[SOURCE DATA Boundary: Start]

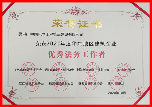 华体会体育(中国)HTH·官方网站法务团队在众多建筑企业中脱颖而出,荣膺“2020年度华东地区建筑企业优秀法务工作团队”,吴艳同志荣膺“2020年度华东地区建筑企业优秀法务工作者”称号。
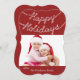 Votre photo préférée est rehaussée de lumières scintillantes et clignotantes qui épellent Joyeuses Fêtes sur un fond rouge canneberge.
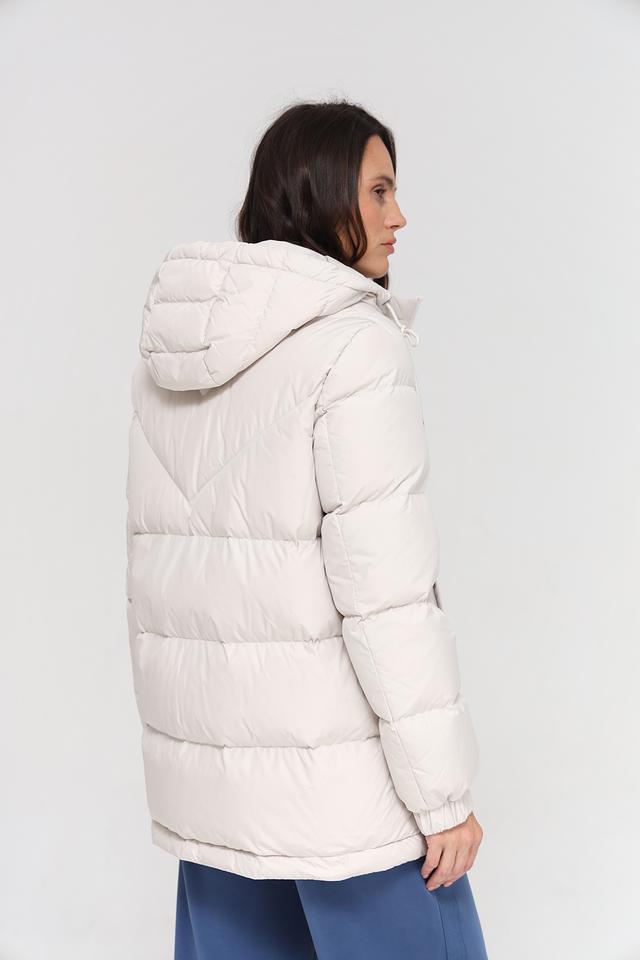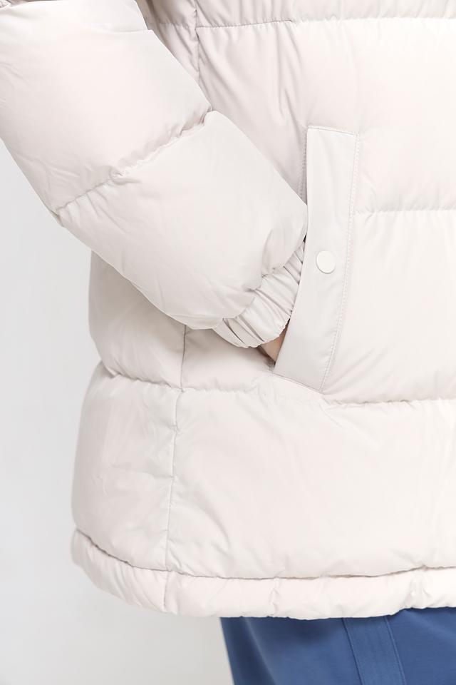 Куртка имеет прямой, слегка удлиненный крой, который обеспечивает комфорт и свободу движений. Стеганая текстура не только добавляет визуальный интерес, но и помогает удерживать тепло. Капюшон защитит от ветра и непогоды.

[SOURCE DATA Boundary: End]
[SOURCE DATA Boundary: Start]

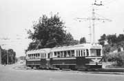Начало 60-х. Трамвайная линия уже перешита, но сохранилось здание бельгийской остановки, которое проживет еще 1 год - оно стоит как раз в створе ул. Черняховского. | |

[SOURCE DATA Boundary: End]

_EXERCISE DESCRIPTION:_
An exact transcription is needed of the lines from the one with "华体会体育(中国)HTH·官" to the one with "Votre photo préférée" above, both ends included, with pictures left out.

_ANSWER TO THE PROBLEM:_
 华体会体育(中国)HTH·官方网站法务团队在众多建筑企业中脱颖而出,荣膺“2020年度华东地区建筑企业优秀法务工作团队”,吴艳同志荣膺“2020年度华东地区建筑企业优秀法务工作者”称号。
 Votre photo préférée est rehaussée de lumières scintillantes et clignotantes qui épellent Joyeuses Fêtes sur un fond rouge canneberge.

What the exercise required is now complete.